EXAMPLE 3 Tuition and fees in Illinois

There are 116 colleges and universities in Illinois. Their tuition and fees for the 2009–2010 school year run from $1974 at Moraine Valley Community College to $38,550 at the University of Chicago. Figure 11.2 is a histogram of the tuition and fees charged by all 116 Illinois colleges and universities. We see that many (mostly community colleges) charge less than $4000. The distribution extends out to the right. At the upper extreme, two colleges charge between $36,000 and $40,000.

The distribution of tuition and fees at Illinois colleges, shown in Figure 11.2, has a quite different shape from the distribution in Figure 11.1. There is a strong peak in the lowest cost class. Most colleges charge less than $8000, but there is a long right tail extending up to almost $40,000. We call a distribution with a long tail on one side skewed. The center is roughly $8000 (half the colleges charge less than this). The variability is large, from $1974 to more than $38,000. There are no outliers—the colleges with the highest tuition just continue the long right tail that is part of the overall pattern.

249

image
Figure 11.2: Figure 11.2 Histogram of the tuition and fees charged by 116 Illinois colleges and universities in the 2009–2010 academic year, Example 3. (Data from www.isac.org.)

When you describe a distribution, concentrate on the main features. Look for major peaks, not for minor ups and downs in the bars of the histogram like those in Figure 11.2. Look for clear outliers, not just for the smallest and largest observations. Look for rough symmetry or clear skewness.

Symmetric and skewed distributions

A distribution is symmetric if the right and left sides of the histogram are approximately mirror images of each other.

A distribution is skewed to the right if the right side of the histogram (containing the half of the observations with larger values) extends much farther out than the left side. It is skewed to the left if the left side of the histogram extends much farther out than the right side.

A distribution is symmetric if the two sides of a figure like a histogram are exact mirror images of each other. Data are almost never exactly symmetric, so we are willing to call histograms like that in Figure 11.1 roughly symmetric as an overall description. The tuition distribution in Figure 11.2, on the other hand, is clearly skewed to the right. Here are more examples.

250

EXAMPLE 4 Lake elevation levels

Lake Murray is a manmade reservoir located in South Carolina. It is used mainly for recreation, such as boating, fishing, and water sports. It is also used to provide backup hydroelectric power for South Carolina Electric and Gas. The lake levels fluctuate with the highest levels in summer (for safe boating and good fishing) and the lowest levels in winter (for water quality). Water can be released at the dam in the case of heavy rains or to let water out to maintain winter levels. The U.S. Geological Survey (USGS) monitors water levels in Lake Murray. The histograms in Figure 11.3 were created using 67,810 hourly elevation levels from November 1, 2007, through August 11, 2015.

The two histograms of lake levels were made from the same data set, and the histograms look identical in shape.

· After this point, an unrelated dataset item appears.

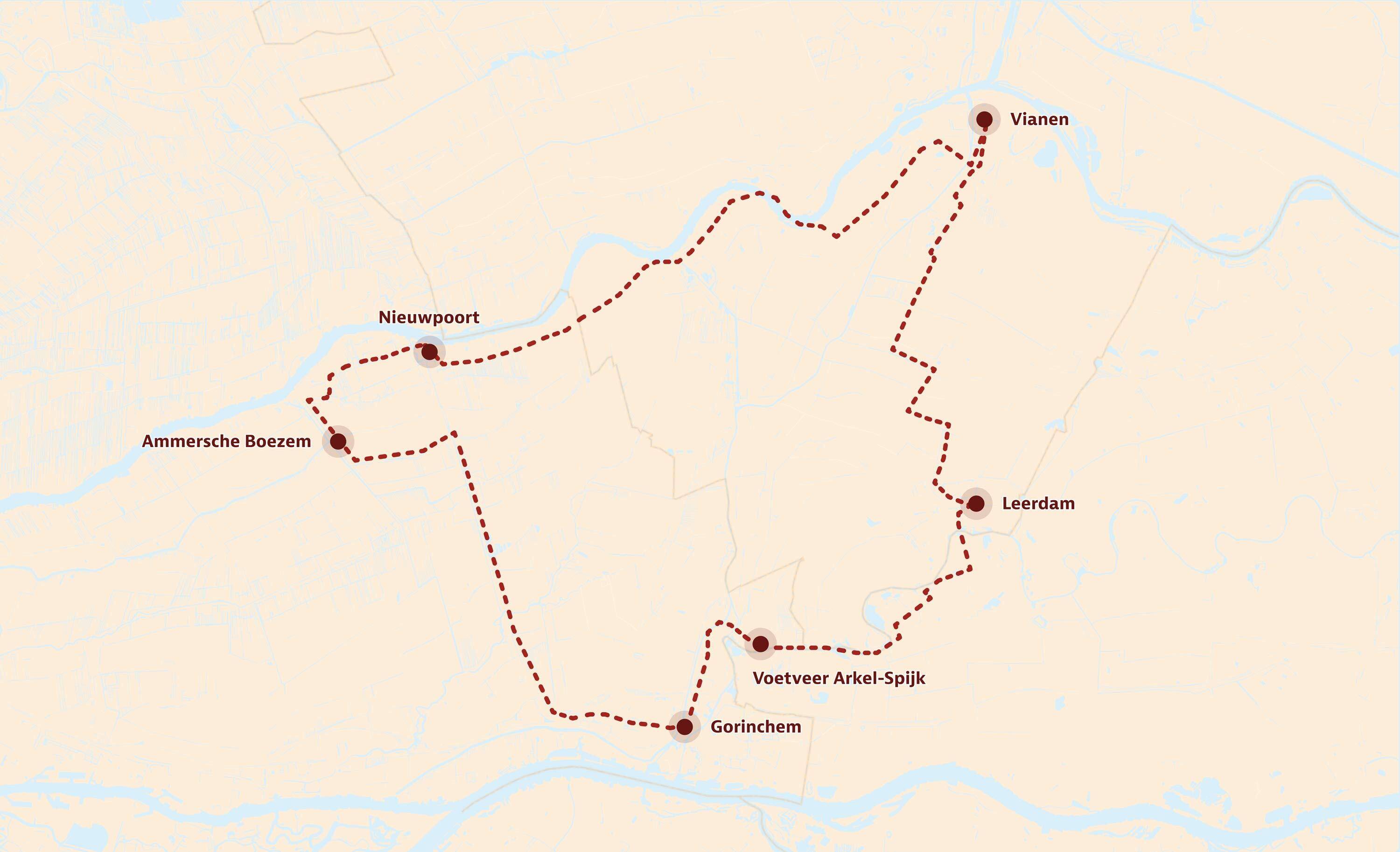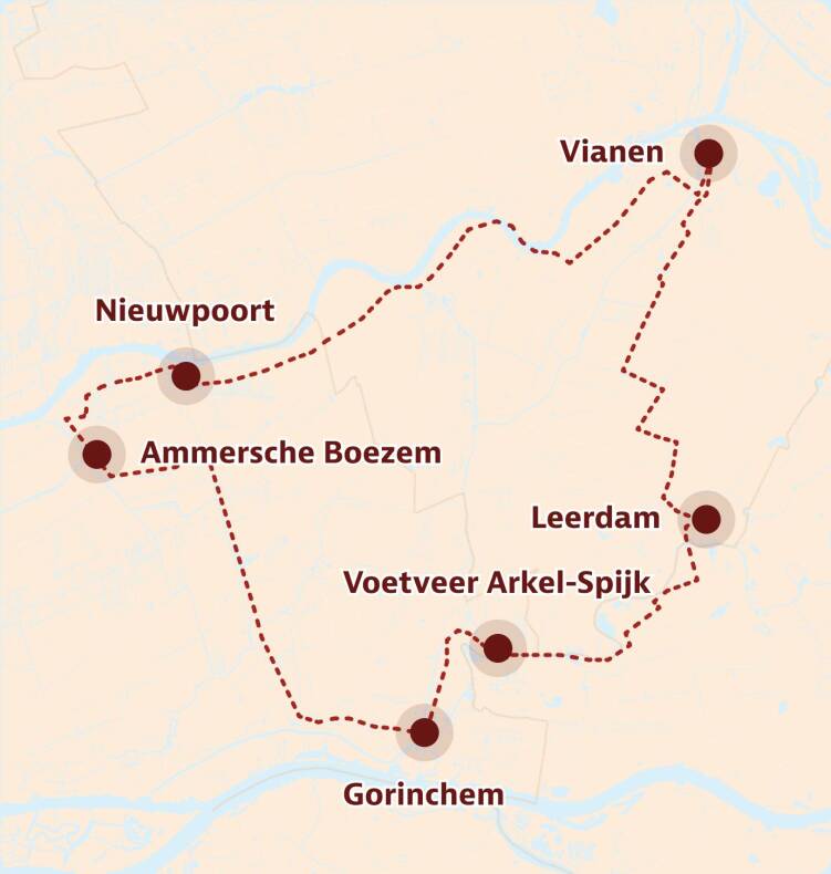 We rijden door enkele boomgaarden terug naar de laatste plaats van onze tocht: Vianen. Via de iconische Lekpoort komen we het stadje binnen. Langs historische gebouwen, het Oude Stadhuis en de Grote Kerk met zichtbare resten van de oude stadsmuren.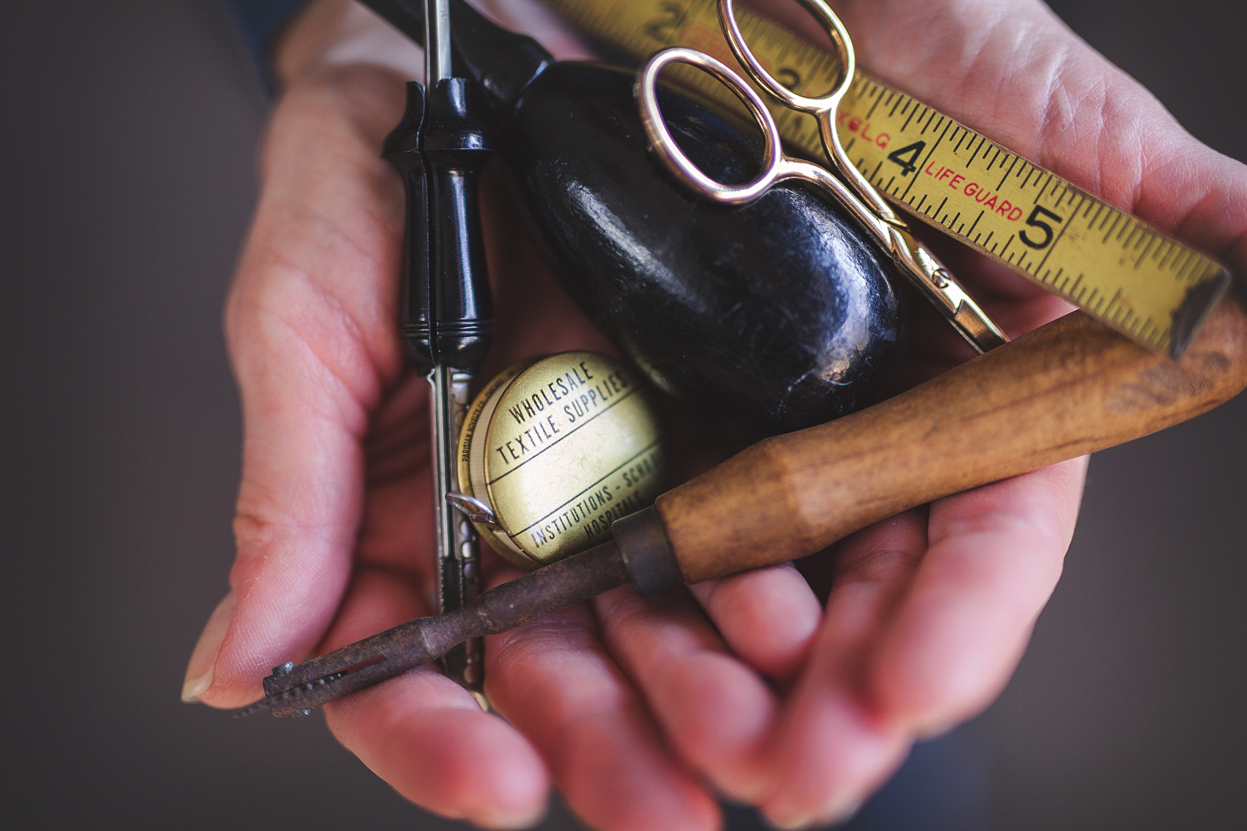 It was all so familiar. My mother has a similar collection and so did my grandma. From a generation of “waste not, want not”, every piece was valued and carefully saved. And these pieces bring on the most intimate of memories as we imagine the women before us carefully handling them. A woman’s sewing basket is an intimate thing–no one knows its contents like she does. I think of my own mother, my own grandmother saying “oh, I think I have something that will work” and you know that she can envision some little treasure, buried in her sewing basket, that will make your garment like new again.

The shape of the distribution of lake levels is skewed left because the left side of the histogram is longer. The minimum lake level is 350 feet, and the maximum is 359 feet. Using the histogram on the right, by adding the height of the bar for 358 and 359 feet elevations, we see the lake level is at 358 or 359 roughly 40% of the time. Using this information, it appears that a lake level of 357 feet is the midpoint of the distribution.

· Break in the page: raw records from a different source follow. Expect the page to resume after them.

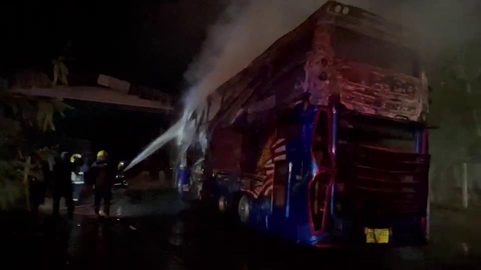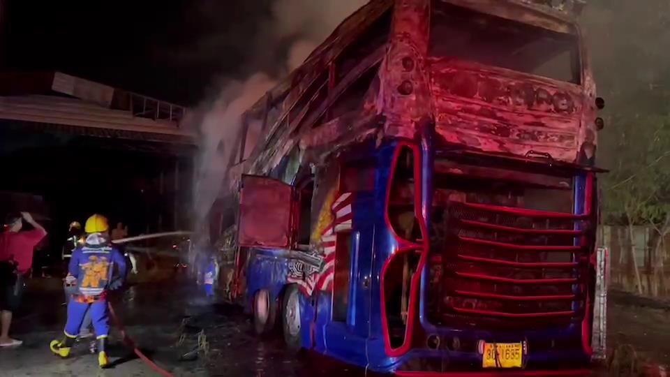 จากการตรวจสอบ พบว่าเพลิงลุกไหม้รถยนต์บัสเสียหายทั้งคัน ไฟหน้า ไฟท้าย ถูกถอดออกหมด โดยรถยนต์บัสคันดังกล่าวมีสภาพเก่า มีประชาชนให้ข้อมูลว่าพบเห็นรถยนต์บัสจอดทิ้งในบริเวณนี้มานานแล้ว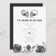 Esta invitación a la boda incluye flores negras de grafito dibujadas a mano y un skeleton gótico. Edite fácilmente la MAYORÍA de las palabras para satisfacer sus necesidades. Esta invitación a la boda es perfecta para tu caída de Halloween o boda de inspiración floral negra.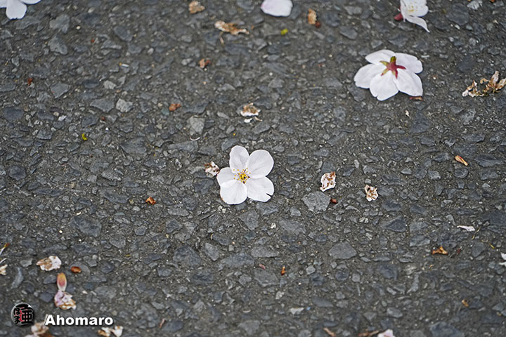 おや、ここだけいっぱい花が落ちてますね。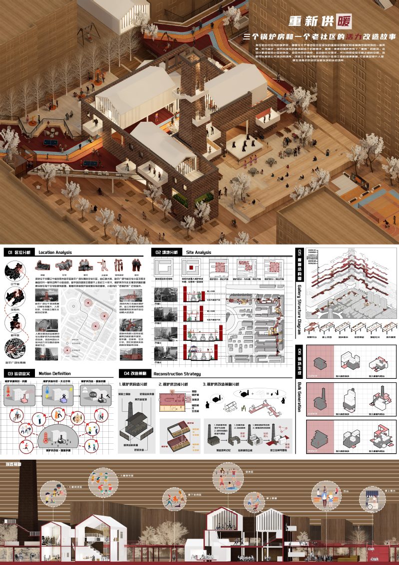 身在老旧社区内的锅炉房,曾是东北严寒地区住区建设的基础设施,是沈阳非常典型和特殊的一道风景。时代变迁,城市中潜在的脉络和当下的新需求,使得一座座旧锅炉房有了“重燃”的机会。本设计根据老旧小区的特点,结合市民的休闲、运动和社交需求,充分利用老居住楼之间的空间,选取可以激活公共活动的场所,改造三个废弃锅炉房和设计连接三者的健康廊道,打造满足现代人健康生活需求的全时全龄全域的运动场所。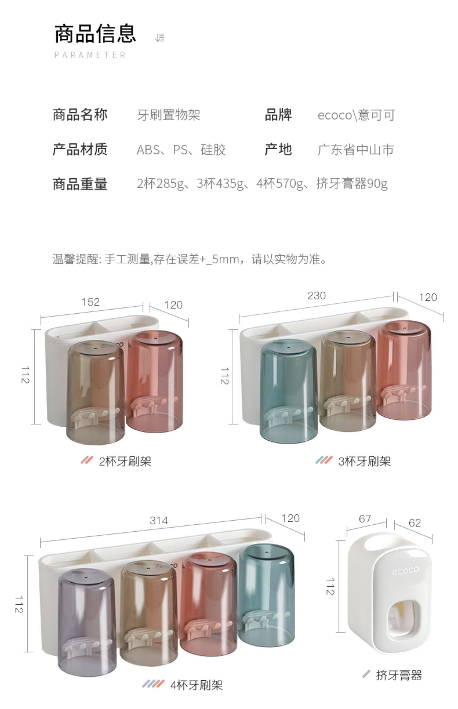 - Три стакана зубной щетки+сжатие зубной пасты (серая белый )

Let’s examine the difference in the two histograms. The histogram on the left puts the count of observations on the vertical axis (this is called a frequency histogram), while the histogram on the right uses the percentage of times the lake reaches a certain level (this is called a relative frequency histogram). The frequency histogram tells us the lake reached an elevation of 358 feet approximately 24,000 times (24,041, to be exact!). If a fisherman considering a move to Lake Murray cares about how often the lake reaches a certain level, it is more illustrative to use the relative frequency histogram on the right, which reports the percentage of times the lake reached 358 feet. The height of the bar for 358 feet is 35, so the fisherman would know the lake is at the 358 foot elevation roughly 35% of the time.

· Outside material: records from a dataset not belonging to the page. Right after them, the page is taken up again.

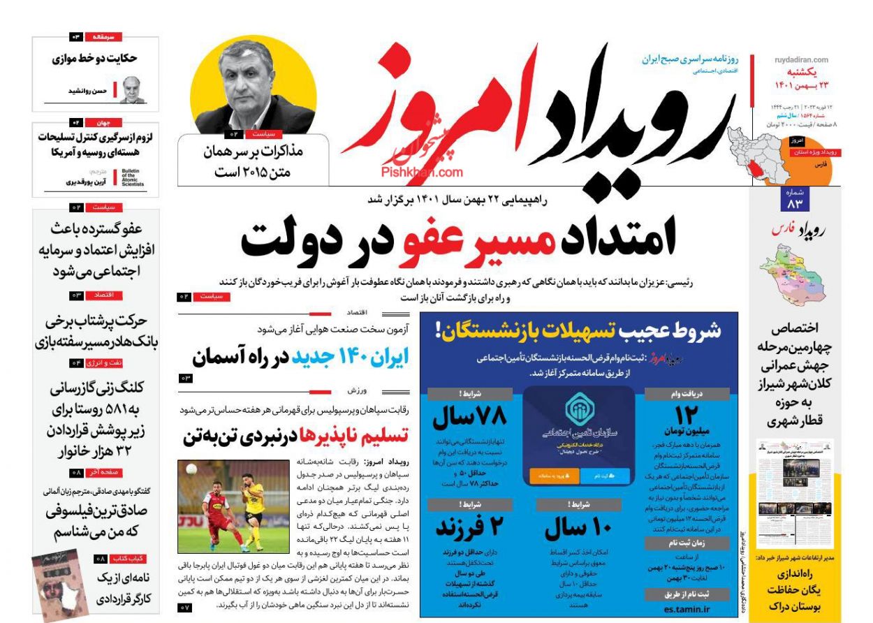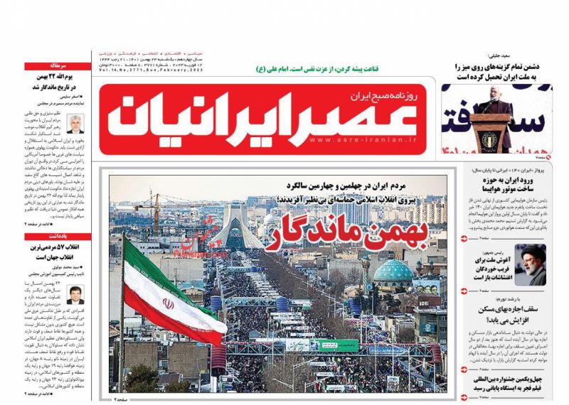 عصر ایرانیان ، یکشنبه ۲۳ بهمن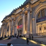 The Fifth Avenue facade of The Metropolitan Museum of Art in New York City at twilight.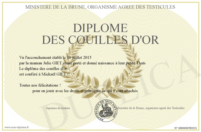 Envoyez par email votre Diplôme des Couilles d'or personalisé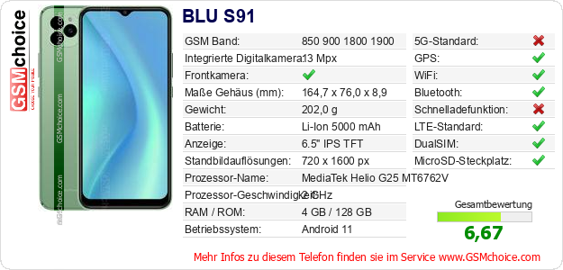 Hast du eigene Webseite? Willst du die Informationen über Standarddaten des Handys BLU S91 irgendwo veröffentlichen? Das ist sehr einfach. Du kannst das Bild herunterladen oder kopieren und auf der Webseite folgenden Code hinzufügen:Das Einfügen von diesem Code verursacht das Anzeigen von dem folgenden Bild:

It is not uncommon in the current world to have very large data sets. Google uses big data to rank web pages and provide the best search results. Banks use big data to analyze spending patterns and learn when to flag your debit or credit card for fraudulent use. Large firms use big data to analyze market patterns and adapt marketing strategies accordingly. Our data set of size 67,810 is actually small in the realm of “big data” but is still big enough to see that it is almost always better to use a relative frequency histogram when sample sizes grow large. A relative frequency histogram is also a better choice if one wants to make comparisons between two distributions.

251

image
Figure 11.3: Figure 11.3 U.S. Geological Survey (USGS) reported hourly lake levels from November 1, 2007, through August 11, 2015, for Lake Murray, SC. There are 67,810 lake-level observations. The histogram on the left is showing the number of times the lake was at each level. The histogram on the right shows these same data as the percentage of times Lake Murray reached each level.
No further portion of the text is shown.